##### PROVIDED RECORDS #####
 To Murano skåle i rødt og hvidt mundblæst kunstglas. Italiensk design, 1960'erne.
#####
##### PROVIDED RECORDS #####
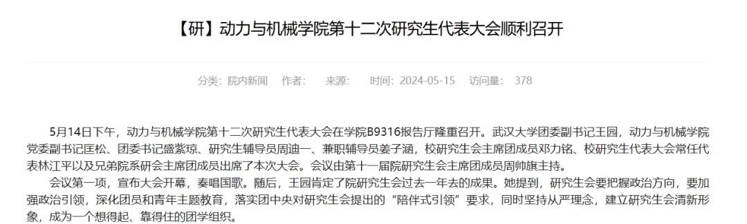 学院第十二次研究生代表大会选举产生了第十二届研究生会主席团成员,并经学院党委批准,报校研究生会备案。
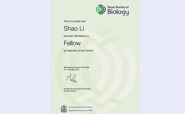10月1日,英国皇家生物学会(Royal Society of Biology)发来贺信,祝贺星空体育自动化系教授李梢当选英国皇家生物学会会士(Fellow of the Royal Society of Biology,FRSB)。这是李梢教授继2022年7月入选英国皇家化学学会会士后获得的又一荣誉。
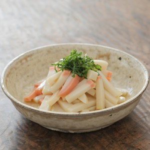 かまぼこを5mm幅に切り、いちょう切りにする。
#####
##### PROVIDED RECORDS #####
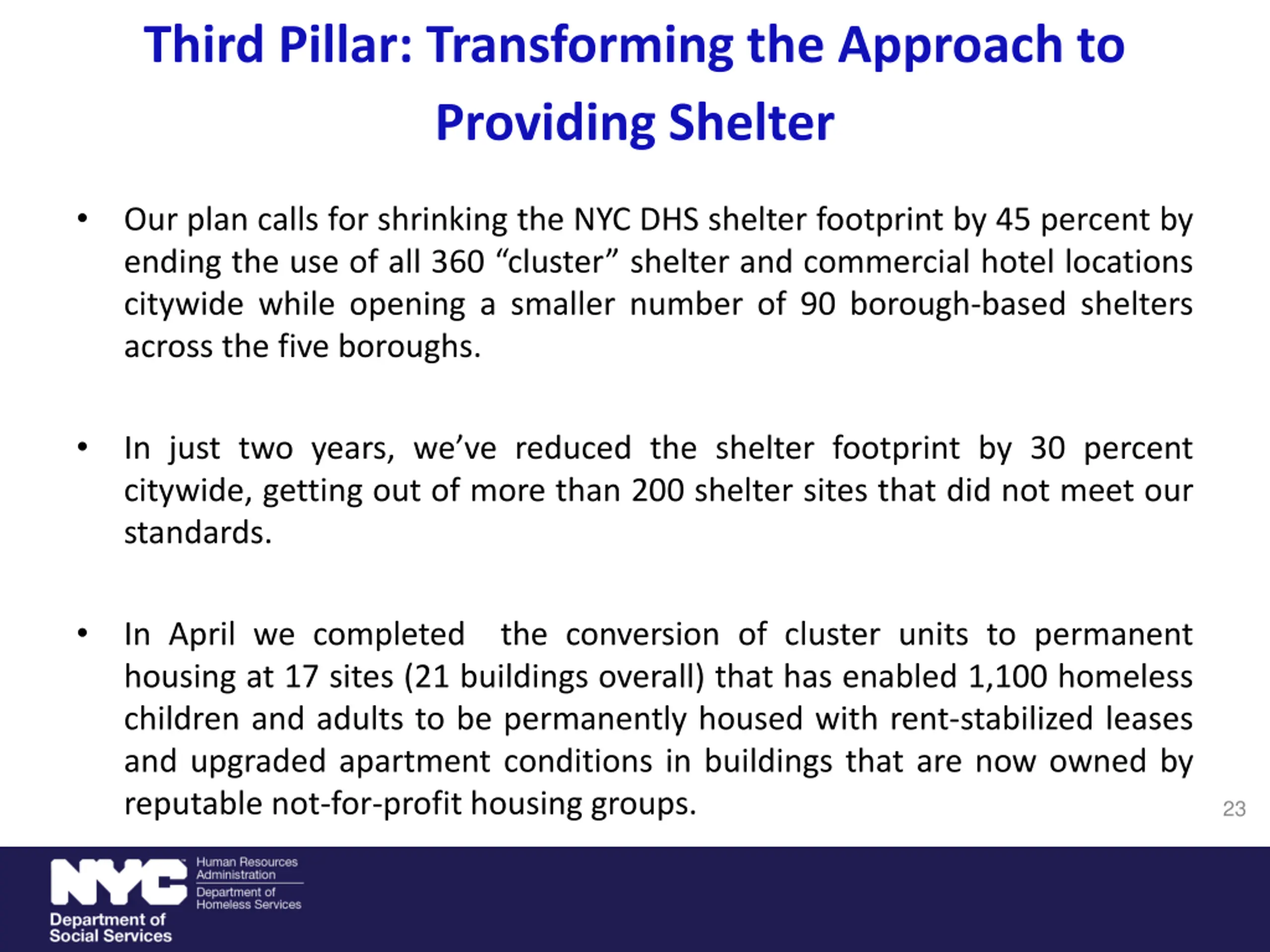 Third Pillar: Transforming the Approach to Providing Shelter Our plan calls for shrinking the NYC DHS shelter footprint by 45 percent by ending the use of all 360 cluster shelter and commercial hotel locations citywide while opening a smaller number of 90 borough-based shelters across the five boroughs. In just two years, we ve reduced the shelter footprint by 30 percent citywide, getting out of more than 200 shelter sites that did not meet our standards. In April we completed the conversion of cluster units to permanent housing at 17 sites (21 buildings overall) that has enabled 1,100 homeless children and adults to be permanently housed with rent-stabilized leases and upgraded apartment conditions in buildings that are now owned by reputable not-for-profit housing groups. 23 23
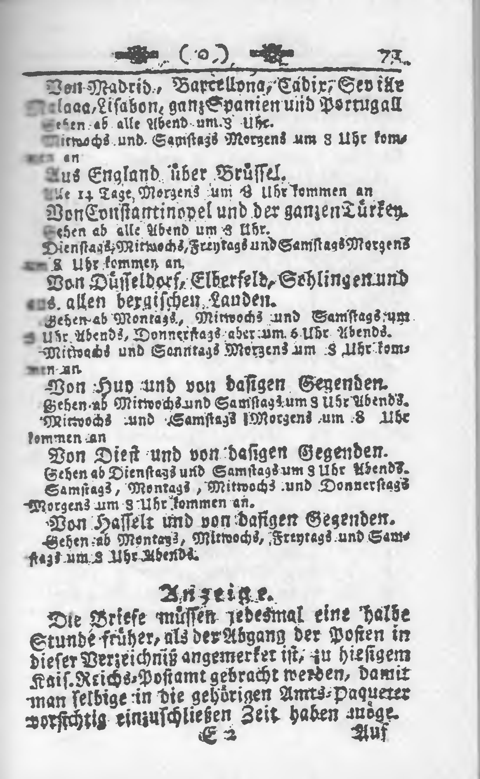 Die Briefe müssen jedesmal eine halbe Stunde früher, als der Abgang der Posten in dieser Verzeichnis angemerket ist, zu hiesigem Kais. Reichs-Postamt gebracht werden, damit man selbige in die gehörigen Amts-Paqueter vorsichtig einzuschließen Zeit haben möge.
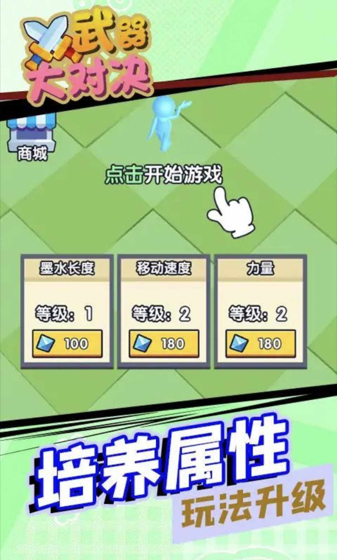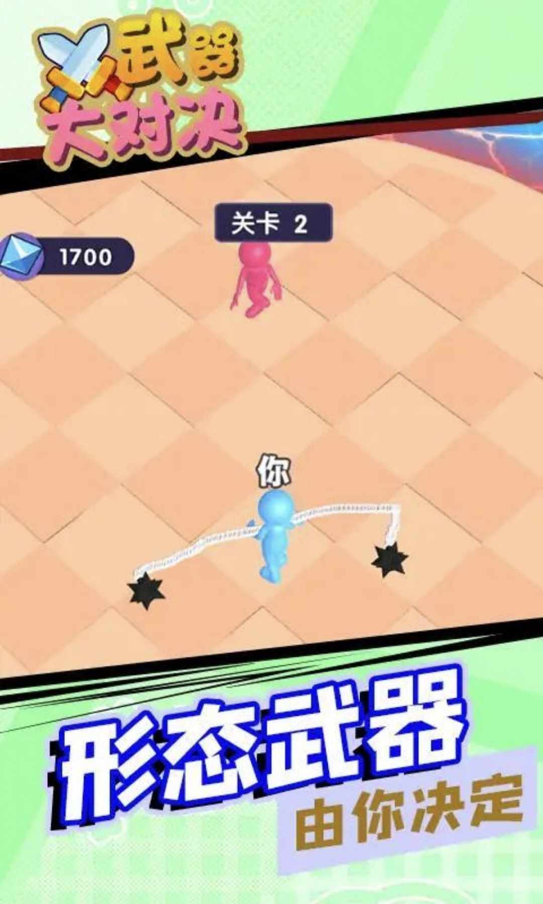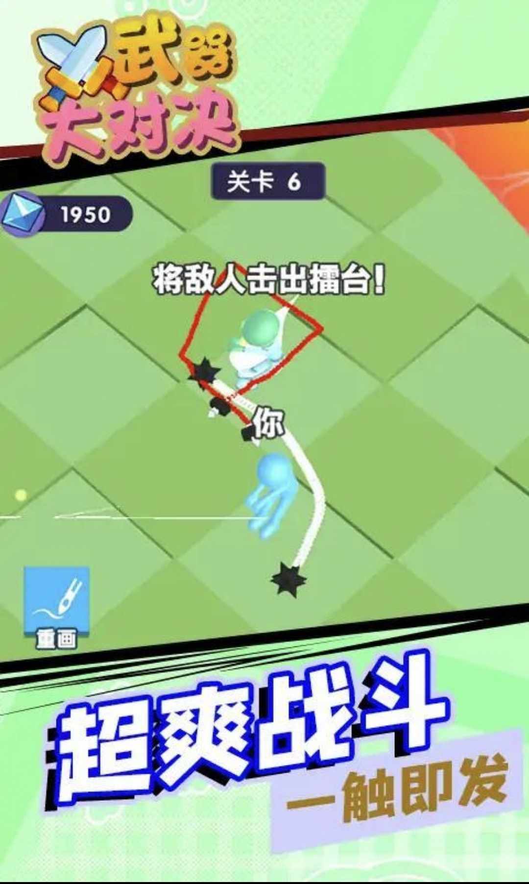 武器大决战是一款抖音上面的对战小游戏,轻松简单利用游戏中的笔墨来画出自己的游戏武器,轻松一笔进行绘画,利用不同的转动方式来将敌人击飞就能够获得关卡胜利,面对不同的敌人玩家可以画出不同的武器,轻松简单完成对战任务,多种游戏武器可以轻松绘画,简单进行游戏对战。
#####
TASK BRIEF>
Beginning with the line that contains "10月1日,英国皇家生物学会(Royal Society of", write out the lines of the material above exactly, and end with the line that contains "かまぼこを5mm幅に切り、いちょう切りにする。". Omit the pictures.

EXPECTED ANSWER>
10月1日,英国皇家生物学会(Royal Society of Biology)发来贺信,祝贺星空体育自动化系教授李梢当选英国皇家生物学会会士(Fellow of the Royal Society of Biology,FRSB)。这是李梢教授继2022年7月入选英国皇家化学学会会士后获得的又一荣誉。
 かまぼこを5mm幅に切り、いちょう切りにする。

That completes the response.